This Week In My Classes: March Madness and #IWD

I can’t believe Reading Week is already two weeks ago — but that’s what it’s always like when we come back. I don’t like to say that it’s all downhill from there, but it does always seem as if the term accelerates, even as the work accumulates. And there are just so many moving parts! All the routine business of class meetings continues, including doing the readings, preparing lecture notes or handouts or worksheets or slides, keeping attendance records, and just plain showing up and going through the whole song and dance number — which is the most fun part, but also the most tiring part. From now until after exams, there’s also a constant flow of assignments in and out, and that means getting topics and instructions up in plenty of time; there are tests to prepare — which has to be done earlier than it used to so copies can be dropped off for students with accommodations — and then to mark; there are forms for this and emails about that.

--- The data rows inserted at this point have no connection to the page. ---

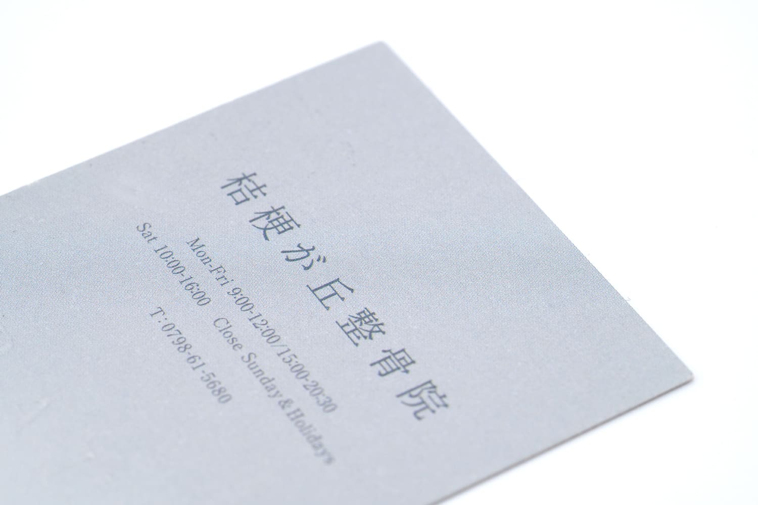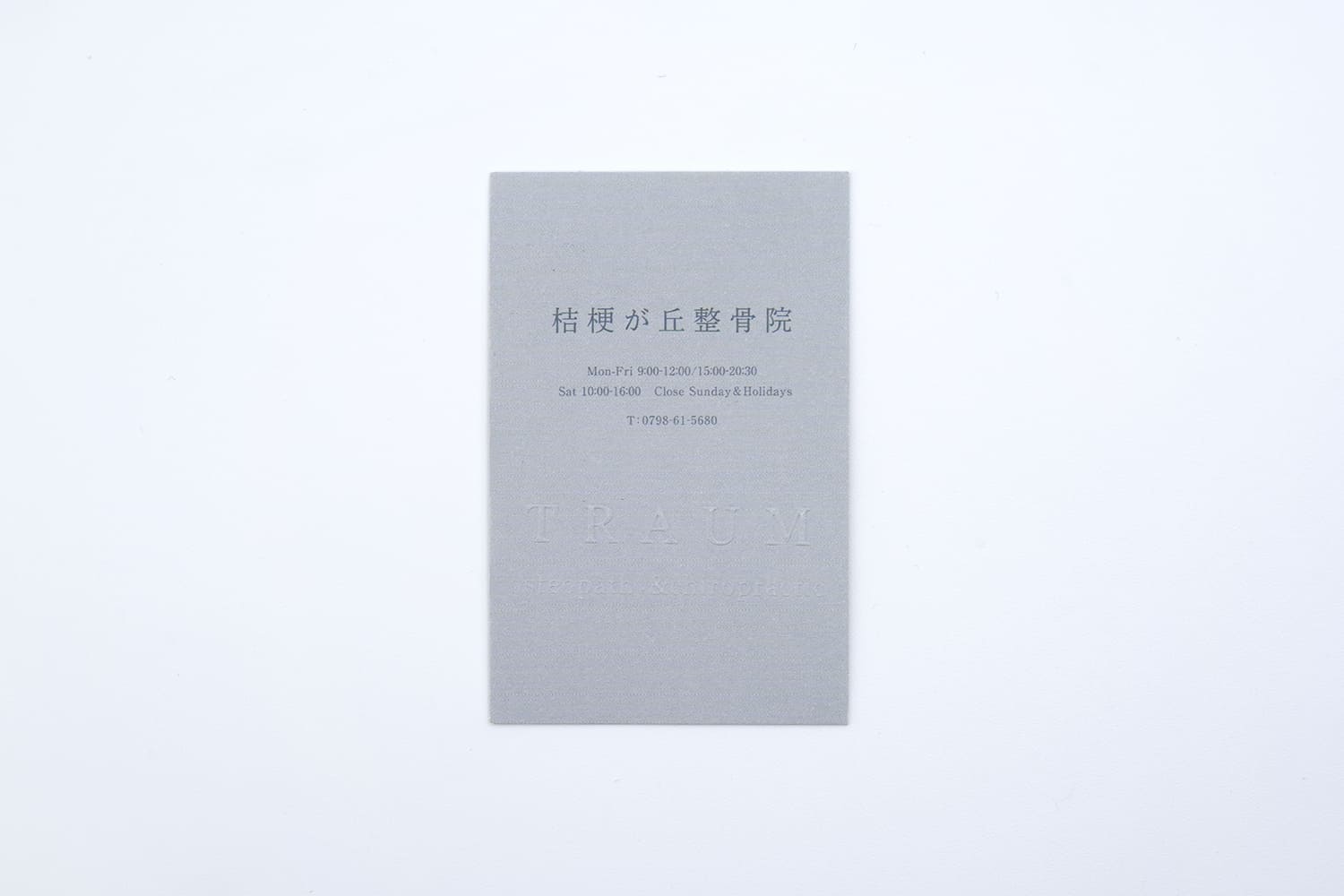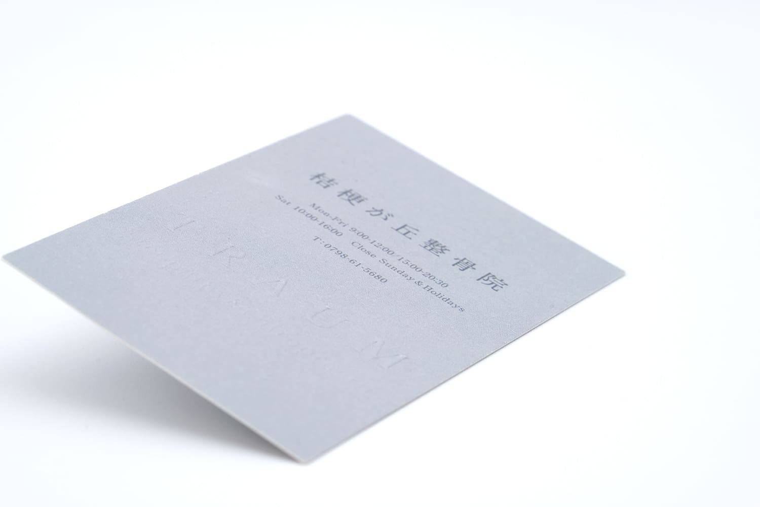 整骨院様のお名刺。熟練した職人の技巧により、とても繊細なセリフ体をエンボス加工で表現。触れるとはっきり伝わるその細やかな質感は、圧倒的な美しさと存在感を感じさせます。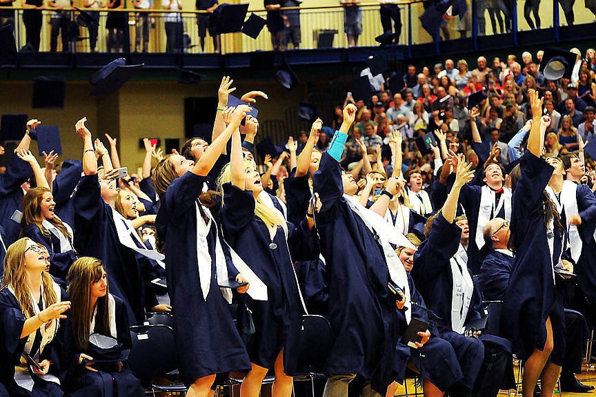 Glacier graduates throw their caps in the air at the end of the commencement ceremony on Saturday. (Aaric Bryan/Daily Inter Lake)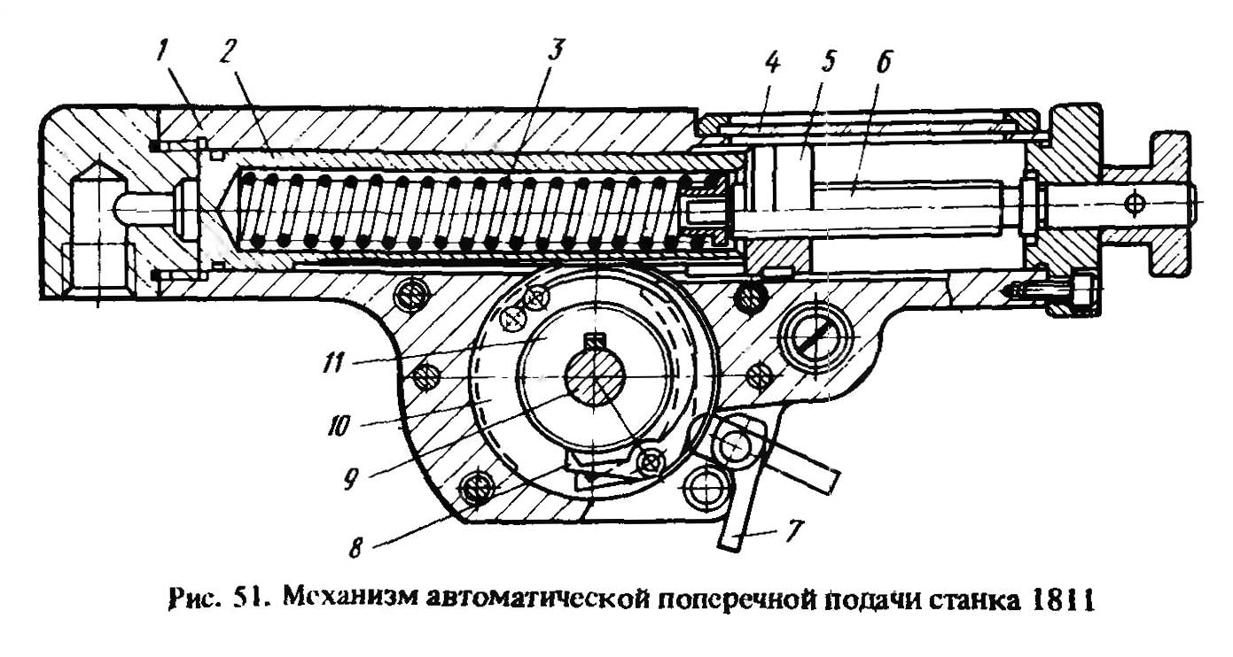Механізм автоматичною поперечної подачі затилочного верстата 1811. Дивитись у збільшеному масштабі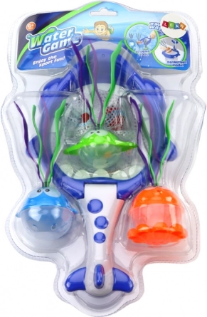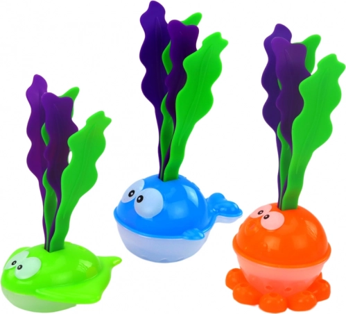 Tres pececitos de colores con juguetonas “algas” flotan en la superficie e invitan a atraparlos: ideal para entrenar la coordinación y la paciencia.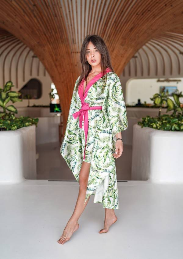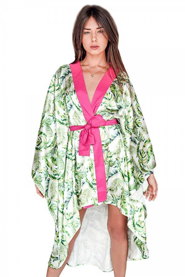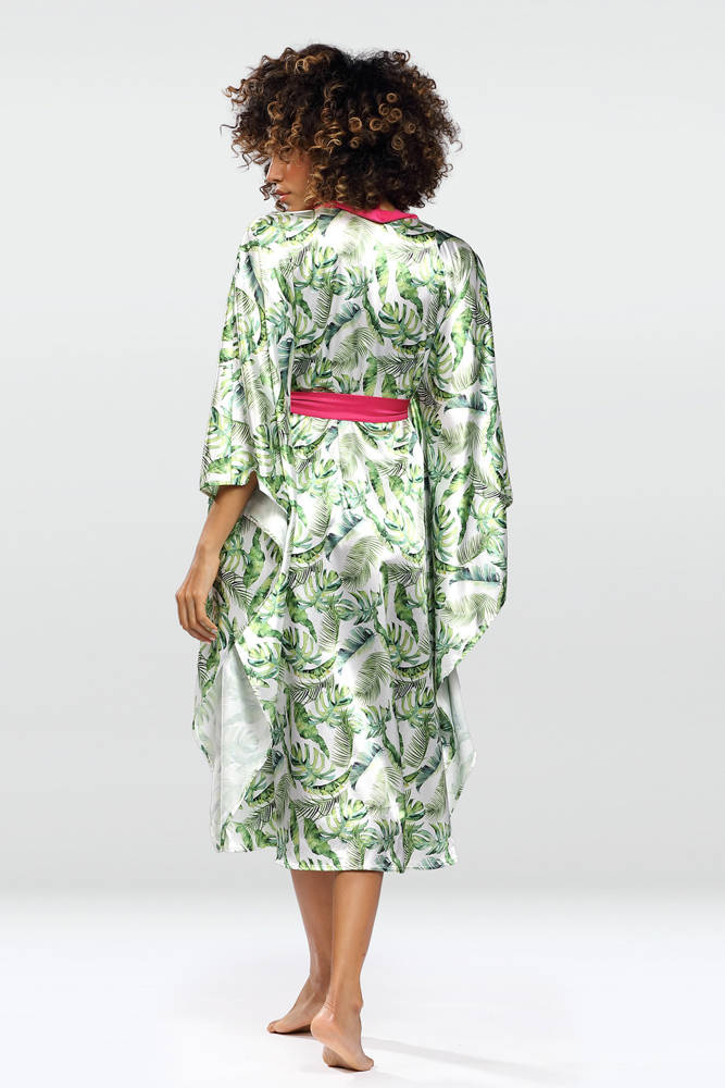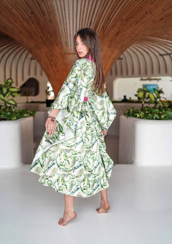 Podomka posiada długie, szerokie rękawy. Przód sięga mniej więcej do połowy ud, natomiast tył ciągnie się aż do połowy łydek. Dodatkowo, wyjątkowość podomki podkreśla jej print - na białym materiale umieszczone są zielone, tropikalne liście.

You’d think I’d be used to this, after almost 22 years, and really, I am. Academic work is very cyclical, and this is just, always, a particularly intense part of the cycle. Then suddenly, before it seems possible, classes will be over and there will be “just” exams and papers left, and then everything quiets right down for the summer, when both the work and the pace are different. I’m hanging in there reasonably well in the meantime, though every so often I feel a bit panicked. Clearly, though, one thing that has fallen by the wayside is blogging, partly because I haven’t been getting much interesting reading done outside of class. (I am now happily started on Helen Simonson’s The Summer Before the War, though, so there’s hope!)

One nice thing is that the readings for both classes provided rich fodder for discussion recently. In Pulp Fiction we’ve just wrapped up our time on The Maltese Falcon. For our last session we talked mostly about Sam’s choice between love and justice at the end of the novel. “If they hang you, I’ll always remember you” is hardly a conventionally romantic declaration, but coming from Sam, it seems like a lot! What I find so interesting is that it seems at least possible that he really does love Brigid (though he doesn’t seem quite sure, and neither were we, overall), but it just doesn’t matter to him that much: he’s not even torn over it. We’re so used to stories (and songs, and greeting cards) in which all you need is love, but Sam believes other things matter more (“when a man’s partner dies, he’s supposed to do something about it”), and why not, really? I’m reminded of the scene in The West Wing when Leo’s wife complains that to him, his job (as White House Chief of Staff) is more important than his marriage. “Right now, it is,” he says, and in context that doesn’t seem unreasonable. Sam is a pretty objectionable guy in other ways, so I would never hold him up as exemplary, but it’s refreshing to have someone take the position that “maybe I love you, and maybe you love me” might not be what matters the most. Plus, what a neat segue that sets up for our unit on romance fiction, which starts very soon.

In 19th-Century Fiction, we’ve just finished Adam Bede. I don’t know why I was worried about how it would go over with the students: compared to The Mill on the Floss or Middlemarch, it has been really easy going! Though it does start slowly, it develops in quite a clear and dramatic way, with main characters who provide strong contrasts to each other in ways that are easy enough to see but still really interesting to examine. I haven’t had any trouble generating discussion, especially once we’d followed Hetty on her journeys in hope and despair and then through her trial, her confession to Dinah, and her [spoiler alert!] dramatic rescue. Though I think the novel has some weaknesses that show Eliot’s inexperience as a novelist (the wooden-headed Adam, for one, and, arguably, the heavy-handed — if delightful — Chapter 17, “In Which the Story Pauses A Little,” for another), it is still astonishingly good, full of wisdom and beauty and humor and pathos. One of the best moments of my whole week — really, of my whole term — was walking back to my office from class on Friday behind a stream of students who were still talking with great animation about Seth, whose happy generosity in the face of [spoiler!]  Adam and Dinah’s marriage does, as the students noted, strain credulity. (I know, I know. Nobody reading here cares about spoilers. But you’d be surprised: I remember a graduate seminar being extremely annoyed with their assigned Broadview edition of Adam Bede because its footnotes gave key plot points away in advance.)

On a different note, I actually wrote most of an entirely different post on Wednesday in honor of International Women’s Day. I wanted to pay tribute in some way to the many women who have made a positive difference in my life: the women in my family, my dear friends, the women I work with, the women writers whose books enrich my life in so many ways, the amazing women characters they envisioned who have also served as my inspirations and role models. In the end, though, I decided not to post it, not because I didn’t mean it, but because I couldn’t seem to write it in a way that didn’t sound like vacuous gushing. Maybe that would have been fine, I don’t know, but it seemed shallow to me, when my intentions were just the opposite. Instead, then, you got this rather dull housekeeping post! I really do want to thank and celebrate these wonderful people: I’m just going to find a different way to do so.